▸ BRIEF
Begin your copy at the line with "宜兴陶土分布于南郊丘陵地带，" in the records below and end it at the line with "3. Dolija br.", restating each line word for word; omit the pictures.

(SUPPLIED RECORDS)

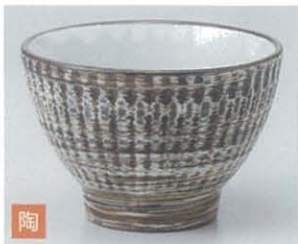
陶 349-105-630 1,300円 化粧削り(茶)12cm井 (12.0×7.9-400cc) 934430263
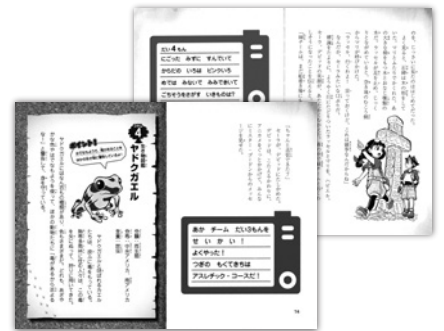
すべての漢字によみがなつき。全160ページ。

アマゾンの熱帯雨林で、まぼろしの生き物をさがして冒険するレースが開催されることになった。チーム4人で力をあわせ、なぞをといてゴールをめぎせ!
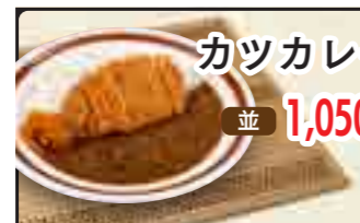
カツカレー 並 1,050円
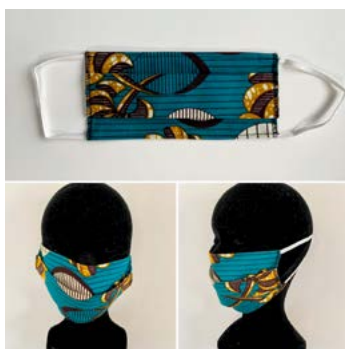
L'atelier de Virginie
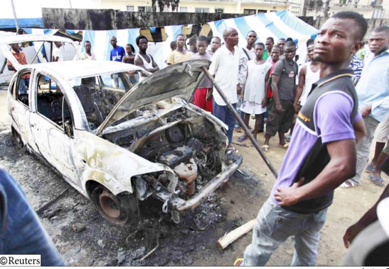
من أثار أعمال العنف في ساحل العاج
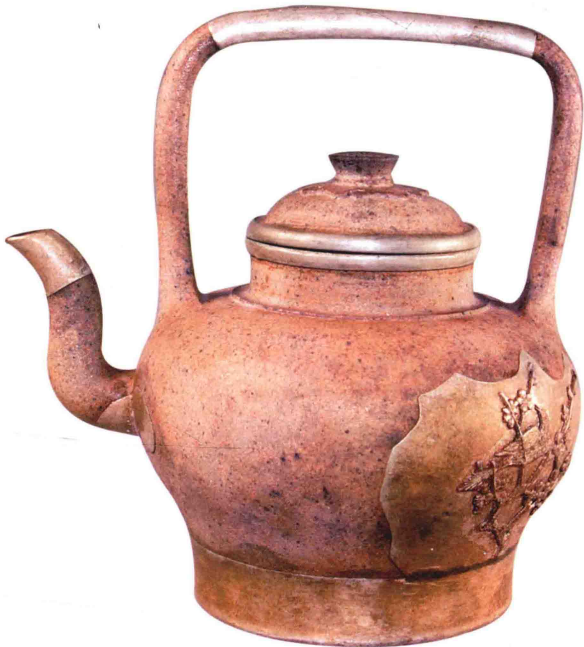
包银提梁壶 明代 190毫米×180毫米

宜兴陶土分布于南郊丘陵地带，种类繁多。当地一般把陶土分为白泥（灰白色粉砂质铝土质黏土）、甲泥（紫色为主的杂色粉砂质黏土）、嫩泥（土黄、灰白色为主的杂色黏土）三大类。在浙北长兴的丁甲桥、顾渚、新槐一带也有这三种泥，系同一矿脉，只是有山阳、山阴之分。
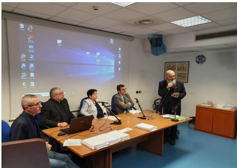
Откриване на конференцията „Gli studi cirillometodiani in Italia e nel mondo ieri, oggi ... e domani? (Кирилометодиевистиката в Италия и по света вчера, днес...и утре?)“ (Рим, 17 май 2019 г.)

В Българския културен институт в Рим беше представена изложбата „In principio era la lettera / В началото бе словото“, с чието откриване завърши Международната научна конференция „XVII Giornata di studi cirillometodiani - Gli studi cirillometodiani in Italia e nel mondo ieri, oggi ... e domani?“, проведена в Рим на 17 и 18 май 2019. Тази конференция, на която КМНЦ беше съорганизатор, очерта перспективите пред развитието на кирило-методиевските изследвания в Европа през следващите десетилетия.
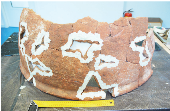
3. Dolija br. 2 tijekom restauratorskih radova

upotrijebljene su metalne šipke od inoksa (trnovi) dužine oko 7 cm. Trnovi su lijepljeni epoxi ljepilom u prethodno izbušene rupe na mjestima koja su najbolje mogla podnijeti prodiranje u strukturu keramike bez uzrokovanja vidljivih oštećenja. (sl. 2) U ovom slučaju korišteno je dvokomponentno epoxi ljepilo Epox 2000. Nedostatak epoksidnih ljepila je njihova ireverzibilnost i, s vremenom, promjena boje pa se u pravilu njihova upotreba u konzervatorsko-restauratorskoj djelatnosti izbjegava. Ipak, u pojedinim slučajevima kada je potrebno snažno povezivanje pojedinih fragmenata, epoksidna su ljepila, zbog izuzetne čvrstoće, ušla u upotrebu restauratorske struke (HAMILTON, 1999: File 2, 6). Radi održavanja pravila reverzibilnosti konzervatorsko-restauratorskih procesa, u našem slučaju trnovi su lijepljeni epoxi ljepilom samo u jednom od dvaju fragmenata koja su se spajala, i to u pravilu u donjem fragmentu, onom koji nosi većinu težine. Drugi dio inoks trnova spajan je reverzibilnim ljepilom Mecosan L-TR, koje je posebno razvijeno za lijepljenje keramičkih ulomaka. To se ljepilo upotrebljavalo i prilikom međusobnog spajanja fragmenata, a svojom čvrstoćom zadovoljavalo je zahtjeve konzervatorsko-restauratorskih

(End SUPPLIED RECORDS)

▸ RESPONSE TO THIS TASK
宜兴陶土分布于南郊丘陵地带，种类繁多。当地一般把陶土分为白泥（灰白色粉砂质铝土质黏土）、甲泥（紫色为主的杂色粉砂质黏土）、嫩泥（土黄、灰白色为主的杂色黏土）三大类。在浙北长兴的丁甲桥、顾渚、新槐一带也有这三种泥，系同一矿脉，只是有山阳、山阴之分。
Откриване на конференцията „Gli studi cirillometodiani in Italia e nel mondo ieri, oggi ... e domani? (Кирилометодиевистиката в Италия и по света вчера, днес...и утре?)“ (Рим, 17 май 2019 г.)

В Българския културен институт в Рим беше представена изложбата „In principio era la lettera / В началото бе словото“, с чието откриване завърши Международната научна конференция „XVII Giornata di studi cirillometodiani - Gli studi cirillometodiani in Italia e nel mondo ieri, oggi ... e domani?“, проведена в Рим на 17 и 18 май 2019. Тази конференция, на която КМНЦ беше съорганизатор, очерта перспективите пред развитието на кирило-методиевските изследвания в Европа през следващите десетилетия.
3. Dolija br. 2 tijekom restauratorskih radova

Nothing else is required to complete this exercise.